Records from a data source

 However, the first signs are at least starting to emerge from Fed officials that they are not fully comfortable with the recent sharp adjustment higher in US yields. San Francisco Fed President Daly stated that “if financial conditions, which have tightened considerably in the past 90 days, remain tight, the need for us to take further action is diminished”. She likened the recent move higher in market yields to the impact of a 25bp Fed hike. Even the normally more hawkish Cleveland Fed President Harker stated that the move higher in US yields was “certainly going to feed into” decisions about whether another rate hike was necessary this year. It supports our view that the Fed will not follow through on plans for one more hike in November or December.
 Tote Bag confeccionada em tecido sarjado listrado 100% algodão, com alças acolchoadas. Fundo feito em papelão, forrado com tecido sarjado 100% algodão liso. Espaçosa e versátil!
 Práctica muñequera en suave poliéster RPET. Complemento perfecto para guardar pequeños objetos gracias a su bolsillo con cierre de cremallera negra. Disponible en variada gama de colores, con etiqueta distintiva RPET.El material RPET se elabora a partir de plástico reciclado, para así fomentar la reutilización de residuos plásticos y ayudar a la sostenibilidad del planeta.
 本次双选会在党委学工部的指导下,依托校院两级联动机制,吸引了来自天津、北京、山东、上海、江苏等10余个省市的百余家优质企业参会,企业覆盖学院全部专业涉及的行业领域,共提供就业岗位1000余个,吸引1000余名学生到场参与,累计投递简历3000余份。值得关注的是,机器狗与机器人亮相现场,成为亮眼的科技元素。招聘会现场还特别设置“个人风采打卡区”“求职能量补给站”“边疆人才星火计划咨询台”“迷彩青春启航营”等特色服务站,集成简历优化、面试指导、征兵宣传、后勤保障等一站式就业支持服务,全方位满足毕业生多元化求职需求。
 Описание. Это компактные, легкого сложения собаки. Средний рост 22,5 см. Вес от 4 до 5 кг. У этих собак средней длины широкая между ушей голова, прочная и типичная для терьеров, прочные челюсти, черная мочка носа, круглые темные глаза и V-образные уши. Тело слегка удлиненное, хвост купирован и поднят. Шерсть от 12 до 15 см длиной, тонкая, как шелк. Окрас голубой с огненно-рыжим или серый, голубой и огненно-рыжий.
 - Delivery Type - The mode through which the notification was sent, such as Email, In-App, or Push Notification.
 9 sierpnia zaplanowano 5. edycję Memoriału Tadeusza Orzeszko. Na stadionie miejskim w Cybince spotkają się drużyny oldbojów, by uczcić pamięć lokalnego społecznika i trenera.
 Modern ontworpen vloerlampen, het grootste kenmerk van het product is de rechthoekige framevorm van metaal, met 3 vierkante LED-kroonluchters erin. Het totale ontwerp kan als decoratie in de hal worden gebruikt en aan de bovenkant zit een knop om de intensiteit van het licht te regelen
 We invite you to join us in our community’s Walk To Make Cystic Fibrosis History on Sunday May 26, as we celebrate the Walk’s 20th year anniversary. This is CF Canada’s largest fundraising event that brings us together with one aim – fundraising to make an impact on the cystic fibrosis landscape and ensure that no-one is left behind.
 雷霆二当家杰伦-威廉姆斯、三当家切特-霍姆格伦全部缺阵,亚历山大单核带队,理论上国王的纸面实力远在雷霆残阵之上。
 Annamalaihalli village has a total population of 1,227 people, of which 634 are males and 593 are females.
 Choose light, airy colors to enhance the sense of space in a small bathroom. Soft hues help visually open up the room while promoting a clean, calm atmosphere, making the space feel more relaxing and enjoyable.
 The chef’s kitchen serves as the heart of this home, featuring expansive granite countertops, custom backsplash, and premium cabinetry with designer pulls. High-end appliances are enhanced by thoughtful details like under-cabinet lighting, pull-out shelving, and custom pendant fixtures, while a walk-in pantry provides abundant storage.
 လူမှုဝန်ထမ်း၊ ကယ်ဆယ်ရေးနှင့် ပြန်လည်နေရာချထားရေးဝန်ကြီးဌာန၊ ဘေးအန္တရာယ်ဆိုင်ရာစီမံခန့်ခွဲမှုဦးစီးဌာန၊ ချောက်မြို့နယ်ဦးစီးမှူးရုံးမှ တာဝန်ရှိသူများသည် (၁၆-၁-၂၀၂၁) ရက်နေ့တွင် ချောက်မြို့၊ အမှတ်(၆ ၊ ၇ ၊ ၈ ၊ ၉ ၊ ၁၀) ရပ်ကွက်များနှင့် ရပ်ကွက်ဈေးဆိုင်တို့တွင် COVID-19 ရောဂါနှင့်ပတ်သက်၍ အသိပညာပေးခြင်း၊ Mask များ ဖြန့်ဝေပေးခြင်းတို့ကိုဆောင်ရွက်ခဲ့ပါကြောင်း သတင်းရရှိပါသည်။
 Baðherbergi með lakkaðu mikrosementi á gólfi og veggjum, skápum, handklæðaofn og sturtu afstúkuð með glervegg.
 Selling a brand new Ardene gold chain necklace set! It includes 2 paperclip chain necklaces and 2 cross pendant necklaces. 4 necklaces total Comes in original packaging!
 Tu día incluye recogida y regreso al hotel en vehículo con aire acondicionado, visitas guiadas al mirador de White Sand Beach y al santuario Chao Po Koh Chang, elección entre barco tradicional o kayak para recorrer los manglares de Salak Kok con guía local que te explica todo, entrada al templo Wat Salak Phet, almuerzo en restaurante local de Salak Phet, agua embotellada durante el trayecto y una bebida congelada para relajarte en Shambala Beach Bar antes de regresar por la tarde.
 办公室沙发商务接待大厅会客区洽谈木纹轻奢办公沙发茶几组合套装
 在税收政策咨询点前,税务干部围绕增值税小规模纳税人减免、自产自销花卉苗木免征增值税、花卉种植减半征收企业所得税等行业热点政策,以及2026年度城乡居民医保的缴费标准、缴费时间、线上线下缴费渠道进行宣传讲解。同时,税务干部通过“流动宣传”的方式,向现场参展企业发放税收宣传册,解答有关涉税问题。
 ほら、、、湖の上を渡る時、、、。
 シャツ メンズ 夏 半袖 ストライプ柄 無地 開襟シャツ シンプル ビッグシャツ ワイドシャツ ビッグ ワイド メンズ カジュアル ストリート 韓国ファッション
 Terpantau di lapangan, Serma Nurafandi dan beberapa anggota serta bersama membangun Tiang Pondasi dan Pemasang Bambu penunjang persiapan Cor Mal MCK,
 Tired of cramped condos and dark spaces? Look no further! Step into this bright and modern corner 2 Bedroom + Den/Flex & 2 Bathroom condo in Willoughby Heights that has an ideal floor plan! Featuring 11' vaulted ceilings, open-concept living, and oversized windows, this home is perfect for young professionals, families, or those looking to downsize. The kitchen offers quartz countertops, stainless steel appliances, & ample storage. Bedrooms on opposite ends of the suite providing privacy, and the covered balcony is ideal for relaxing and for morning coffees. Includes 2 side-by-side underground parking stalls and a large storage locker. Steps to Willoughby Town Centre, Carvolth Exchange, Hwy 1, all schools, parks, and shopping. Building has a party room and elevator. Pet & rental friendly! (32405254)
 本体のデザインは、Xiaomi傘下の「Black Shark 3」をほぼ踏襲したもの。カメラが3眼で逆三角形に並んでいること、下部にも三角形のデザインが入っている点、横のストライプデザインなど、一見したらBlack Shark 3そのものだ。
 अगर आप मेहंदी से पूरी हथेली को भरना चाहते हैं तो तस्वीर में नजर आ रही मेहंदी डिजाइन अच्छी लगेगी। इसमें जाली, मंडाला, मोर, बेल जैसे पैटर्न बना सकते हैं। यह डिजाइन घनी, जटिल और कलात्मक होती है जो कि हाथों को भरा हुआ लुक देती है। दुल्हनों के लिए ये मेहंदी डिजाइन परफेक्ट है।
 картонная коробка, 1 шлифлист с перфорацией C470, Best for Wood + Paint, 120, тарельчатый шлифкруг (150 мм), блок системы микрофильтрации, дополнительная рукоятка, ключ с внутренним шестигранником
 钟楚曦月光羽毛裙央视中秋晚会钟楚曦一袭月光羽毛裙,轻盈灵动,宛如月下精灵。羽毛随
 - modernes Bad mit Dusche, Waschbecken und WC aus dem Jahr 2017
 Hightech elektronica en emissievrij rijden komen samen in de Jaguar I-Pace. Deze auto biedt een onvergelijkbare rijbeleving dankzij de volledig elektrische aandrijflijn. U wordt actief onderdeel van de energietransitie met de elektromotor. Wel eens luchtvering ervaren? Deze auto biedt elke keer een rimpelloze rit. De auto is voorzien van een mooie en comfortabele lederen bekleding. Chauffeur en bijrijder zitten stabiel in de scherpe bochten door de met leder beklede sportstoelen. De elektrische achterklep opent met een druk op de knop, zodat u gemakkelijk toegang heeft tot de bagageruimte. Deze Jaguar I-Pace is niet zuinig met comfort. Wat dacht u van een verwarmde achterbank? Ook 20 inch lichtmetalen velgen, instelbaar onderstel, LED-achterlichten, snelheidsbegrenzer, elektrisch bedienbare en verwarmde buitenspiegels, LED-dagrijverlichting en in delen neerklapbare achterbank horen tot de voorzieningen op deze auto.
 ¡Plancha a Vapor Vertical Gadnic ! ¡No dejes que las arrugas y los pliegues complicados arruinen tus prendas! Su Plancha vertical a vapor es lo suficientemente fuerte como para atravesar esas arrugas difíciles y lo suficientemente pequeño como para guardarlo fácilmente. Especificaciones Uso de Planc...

**Required action**. Some lines in the records may hold "while"; state how many do, and give no more than that number.

**Response area**. 2